> [What is required]:
Beginning with the line that contains "채널 'YTN News'에" and ending with the line that contains "1月28日,在位于北京延庆的", reproduce the lines of the entries below exactly, omitting pictures.

> [Material for the task]:

++++

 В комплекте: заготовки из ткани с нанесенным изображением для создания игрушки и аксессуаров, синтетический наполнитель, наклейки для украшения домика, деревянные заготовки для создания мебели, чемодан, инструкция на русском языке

++++

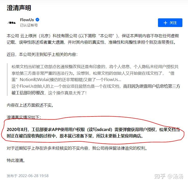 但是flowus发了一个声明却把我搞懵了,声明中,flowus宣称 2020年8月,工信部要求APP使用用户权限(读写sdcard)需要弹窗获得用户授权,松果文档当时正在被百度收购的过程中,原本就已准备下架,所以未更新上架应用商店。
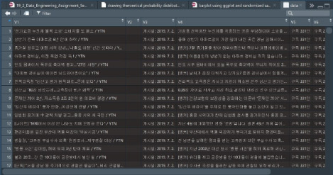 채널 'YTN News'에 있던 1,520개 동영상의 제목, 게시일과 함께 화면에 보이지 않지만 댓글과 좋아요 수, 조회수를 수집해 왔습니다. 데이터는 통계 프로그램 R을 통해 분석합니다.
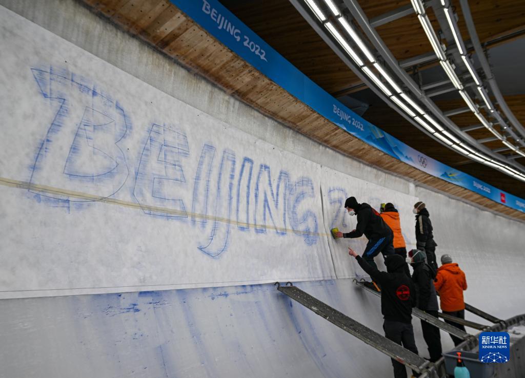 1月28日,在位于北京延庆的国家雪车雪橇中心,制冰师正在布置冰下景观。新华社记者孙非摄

++++

> [Response to the exercise]:
 채널 'YTN News'에 있던 1,520개 동영상의 제목, 게시일과 함께 화면에 보이지 않지만 댓글과 좋아요 수, 조회수를 수집해 왔습니다. 데이터는 통계 프로그램 R을 통해 분석합니다.
 1月28日,在位于北京延庆的国家雪车雪橇中心,制冰师正在布置冰下景观。新华社记者孙非摄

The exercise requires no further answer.